── AVAILABLE RECORDS ──

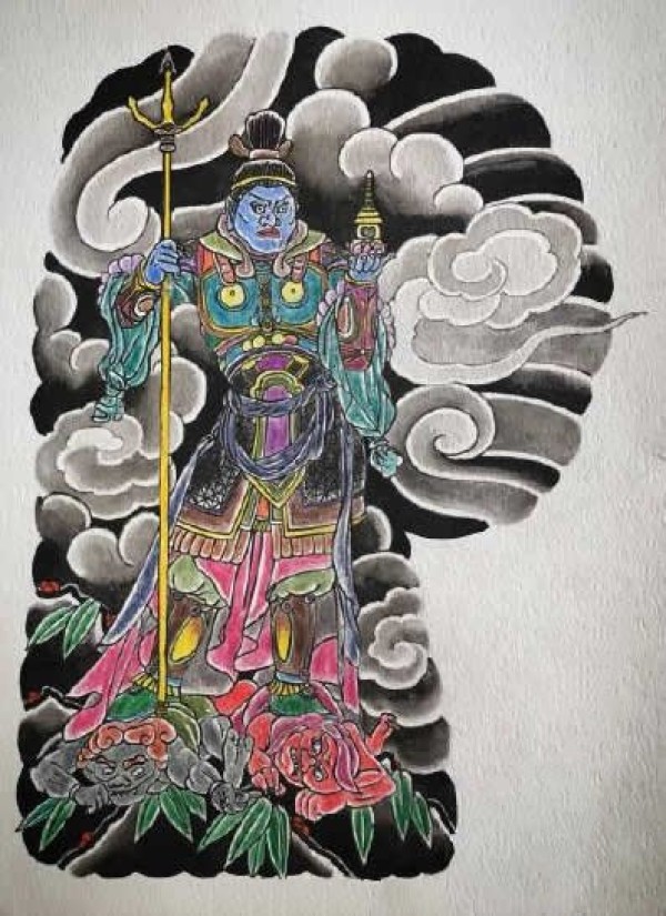 老传统风格的一组半胛佛观音等纹身手稿图案
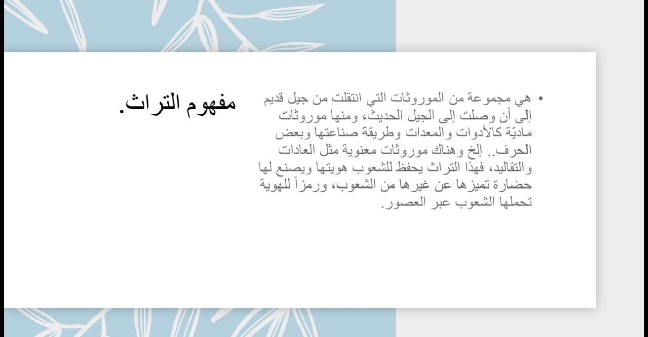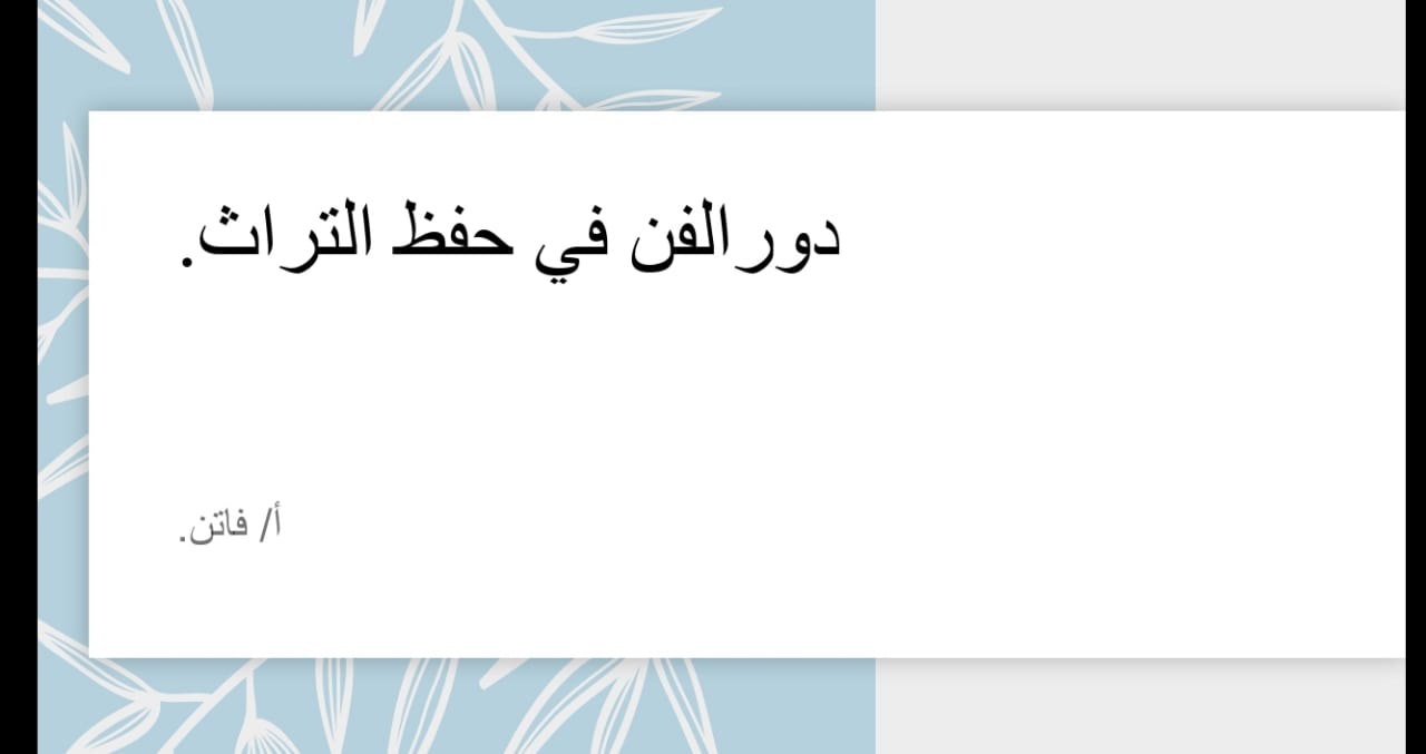 وذلك في يوم الخميس الموافق3/15 في مقر الأندية داخل الكلية، وكانت موجهة إلى الطالبات وأعضاء هيئة التدريس وكل من يهتم بالفن والتراث، وقد هدفت الندوة إلى تبيان دور الفن في الحفاظ على التراث الإنساني ، كما سعت الندوة إلى ترسيخ مفهوم الهوية والحضارة عند الأفراد عن طريق الفن.
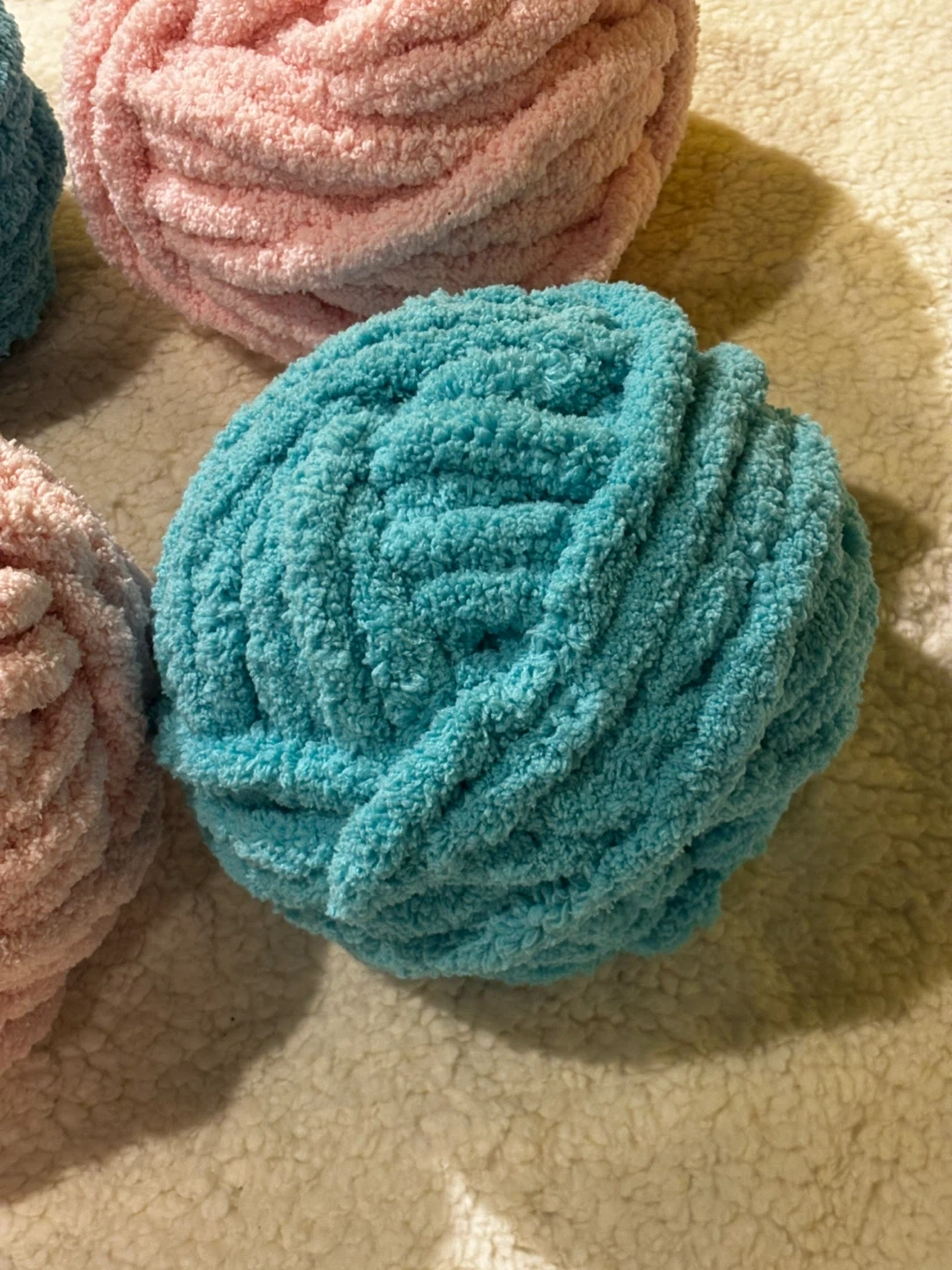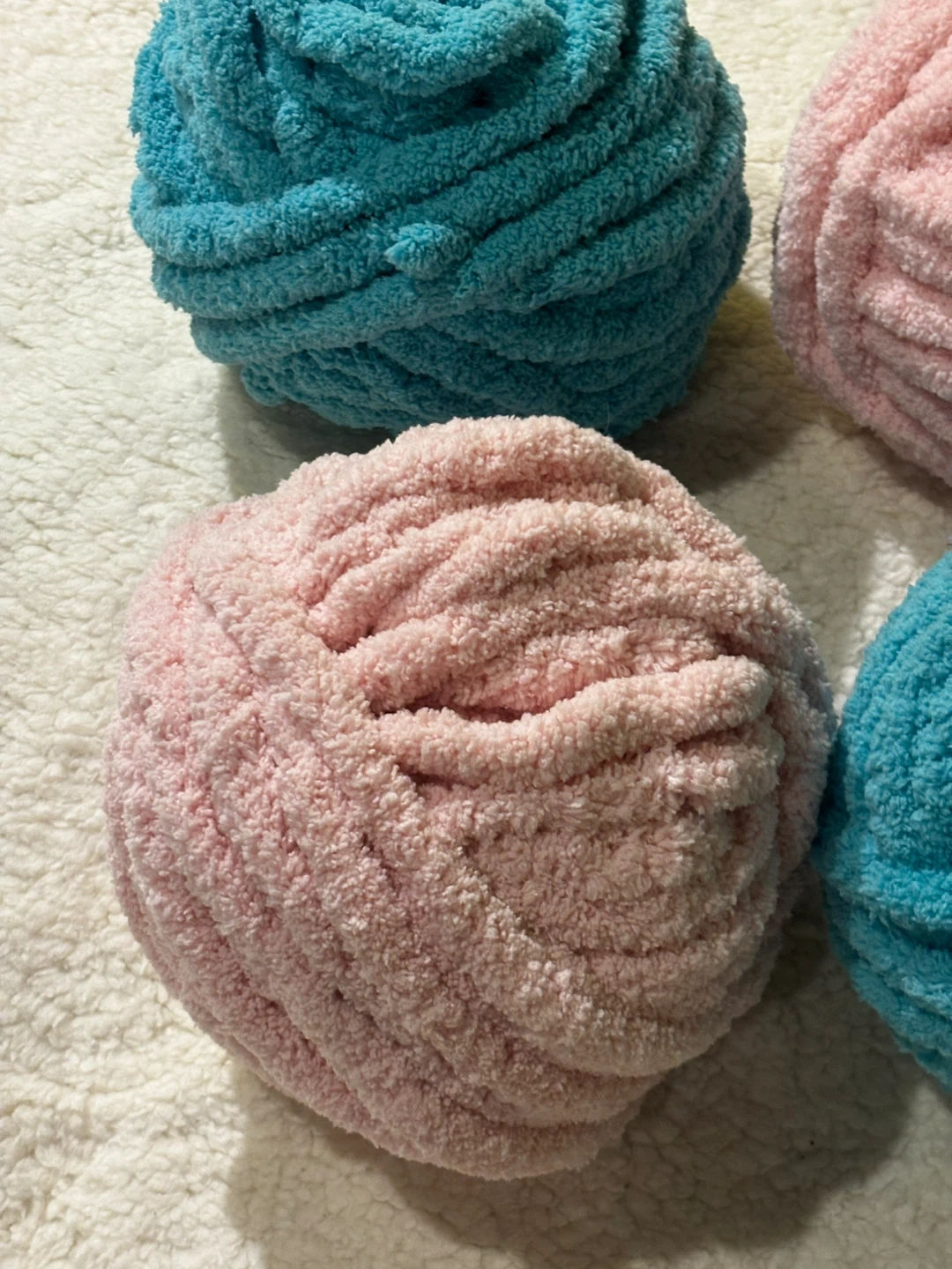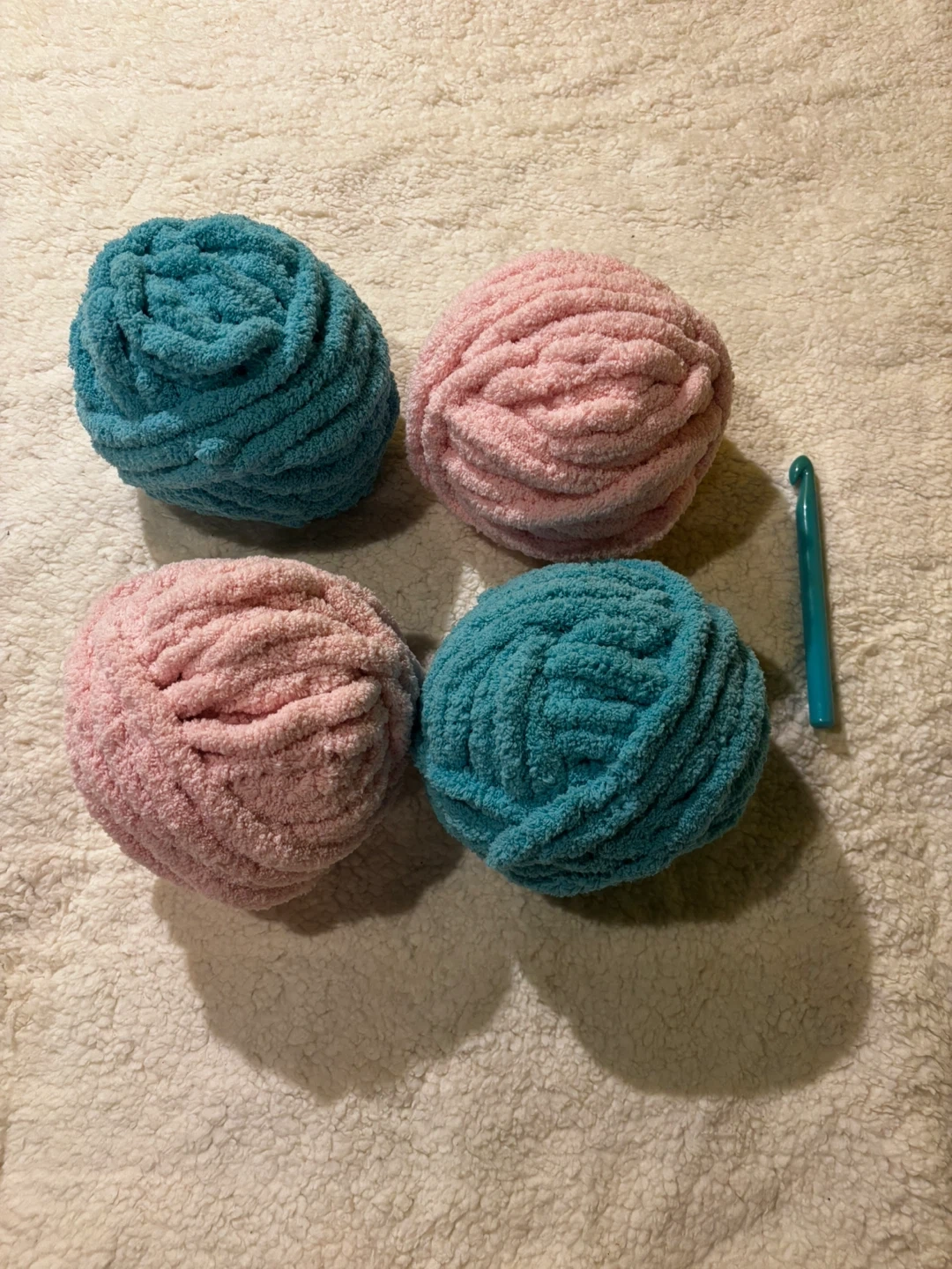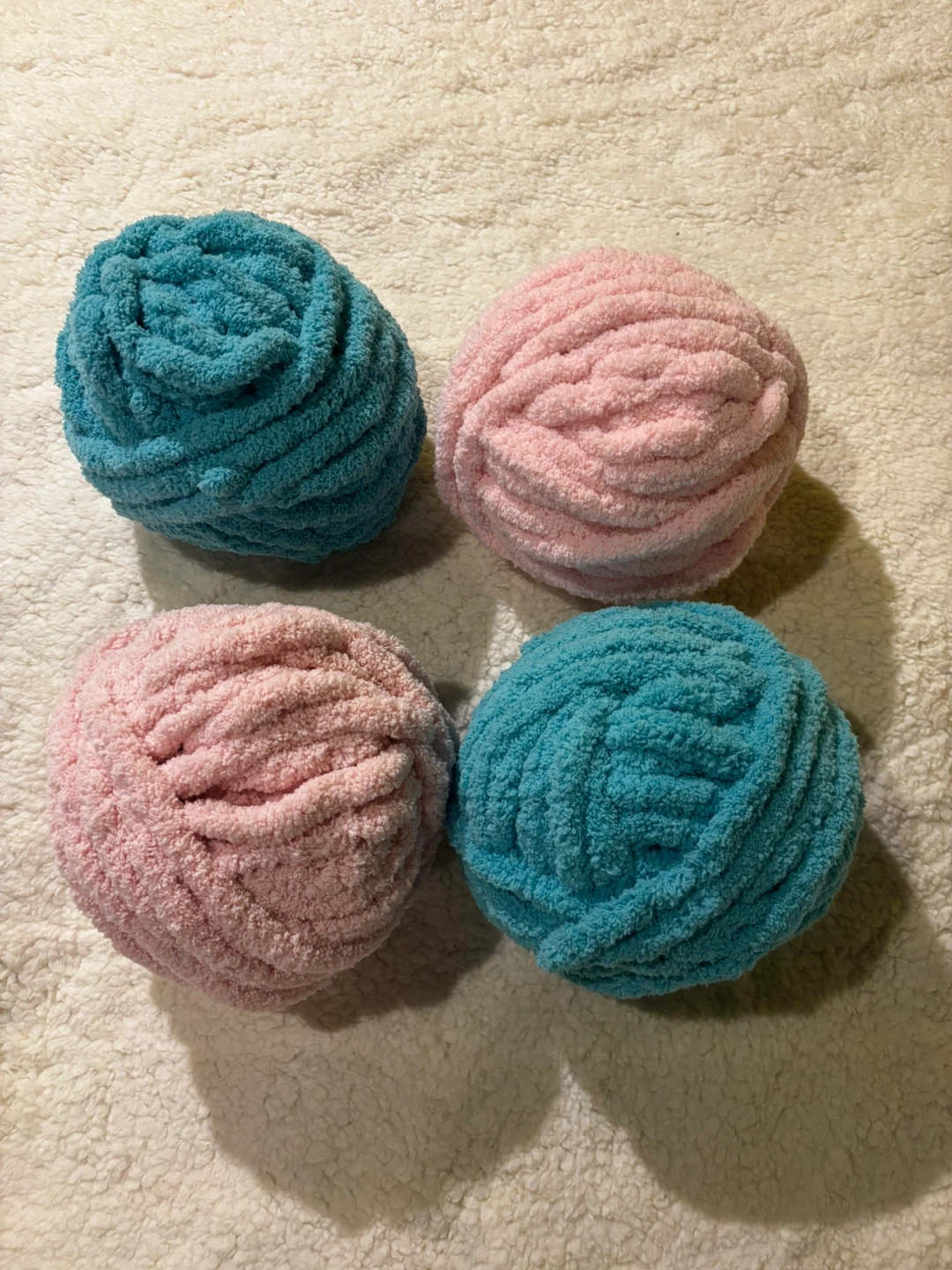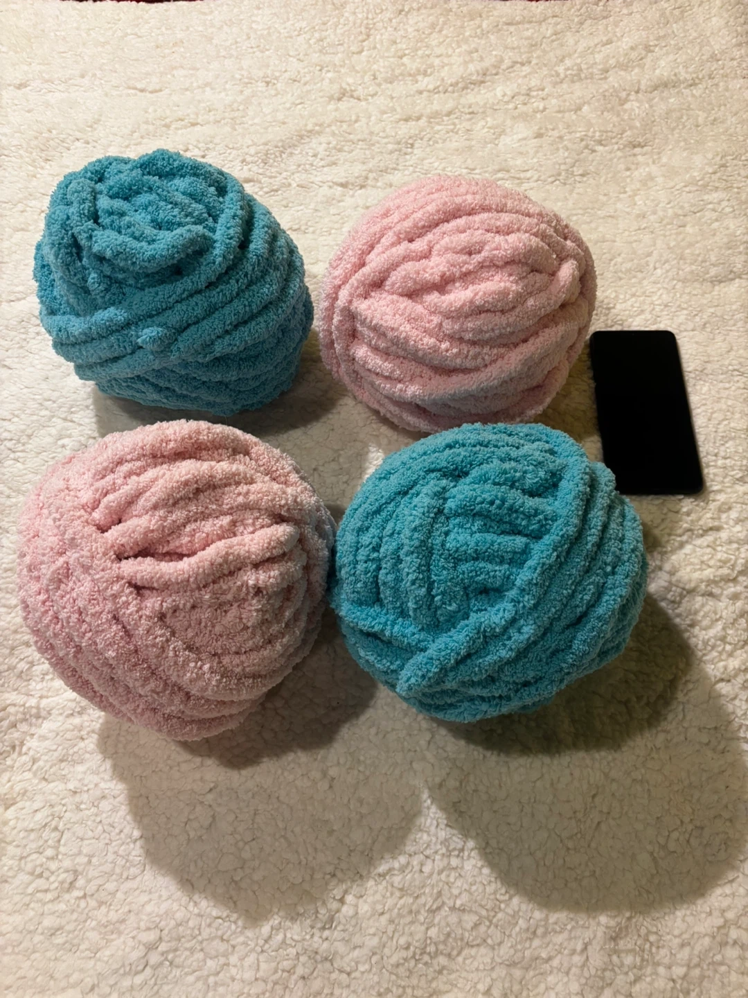 This set includes four balls of super chunky, soft yarn in pink and teal. It also comes with a teal crochet hook. Perfect for beginner knitters and crafters looking to make quick projects like blankets or rugs!
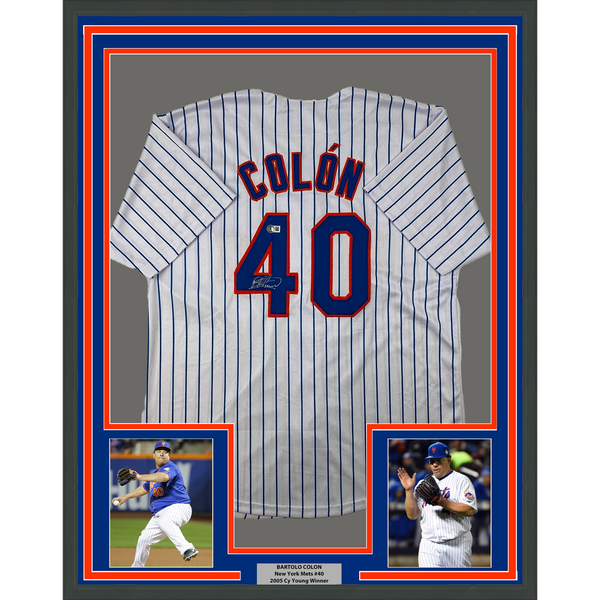 Framed Autographed/Signed Bartolo Colon 33x42 New York Pinstripe Jersey BAS COA The item is professionally framed and matted with two 5x7 photos, measures 35 inches by 39 inches and is ready to be hung in your man cave! Photo and matting requests can be made.
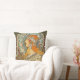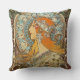 Un oreiller à lancer avec la lithographie, Zodiac (1896) par Alphonse Mucha, illustrateur et peintre d'origine tchèque. Portrait d'une femme avec des bijoux dans les cheveux assis devant un tableau de zodiac.
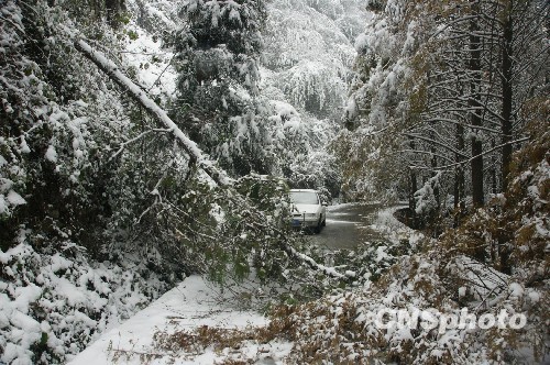 十堰山区公路上被暴雪压断的松树。中新社发 袁野 摄
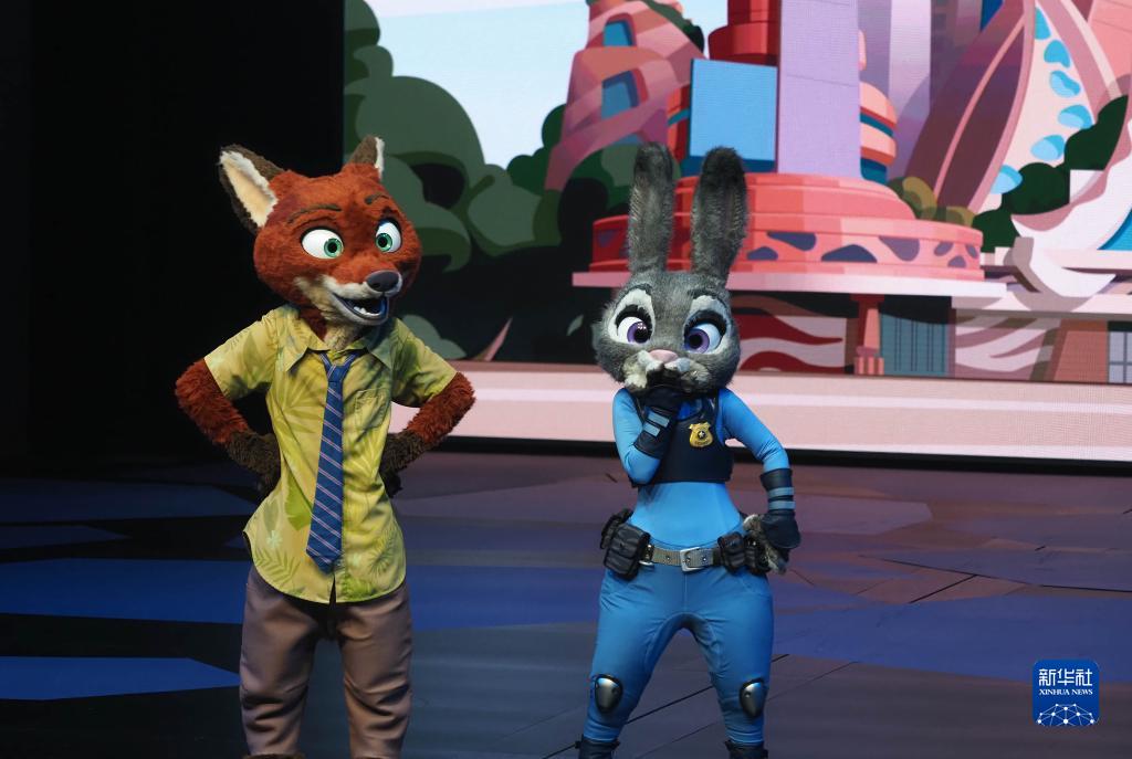 9月5日,在上海迪士尼樂園“瘋狂動物城”園區揭曉儀式上,“狐貍尼克”和“兔子警官朱迪”亮相。

───

▶ **BRIEF**:
Print out the entries above word for word from the first line to the line containing "Un oreiller à", both included, omitting the pictures.

▶ **RESPONSE AREA**:
 老传统风格的一组半胛佛观音等纹身手稿图案
 وذلك في يوم الخميس الموافق3/15 في مقر الأندية داخل الكلية، وكانت موجهة إلى الطالبات وأعضاء هيئة التدريس وكل من يهتم بالفن والتراث، وقد هدفت الندوة إلى تبيان دور الفن في الحفاظ على التراث الإنساني ، كما سعت الندوة إلى ترسيخ مفهوم الهوية والحضارة عند الأفراد عن طريق الفن.
 This set includes four balls of super chunky, soft yarn in pink and teal. It also comes with a teal crochet hook. Perfect for beginner knitters and crafters looking to make quick projects like blankets or rugs!
 Framed Autographed/Signed Bartolo Colon 33x42 New York Pinstripe Jersey BAS COA The item is professionally framed and matted with two 5x7 photos, measures 35 inches by 39 inches and is ready to be hung in your man cave! Photo and matting requests can be made.
 Un oreiller à lancer avec la lithographie, Zodiac (1896) par Alphonse Mucha, illustrateur et peintre d'origine tchèque. Portrait d'une femme avec des bijoux dans les cheveux assis devant un tableau de zodiac.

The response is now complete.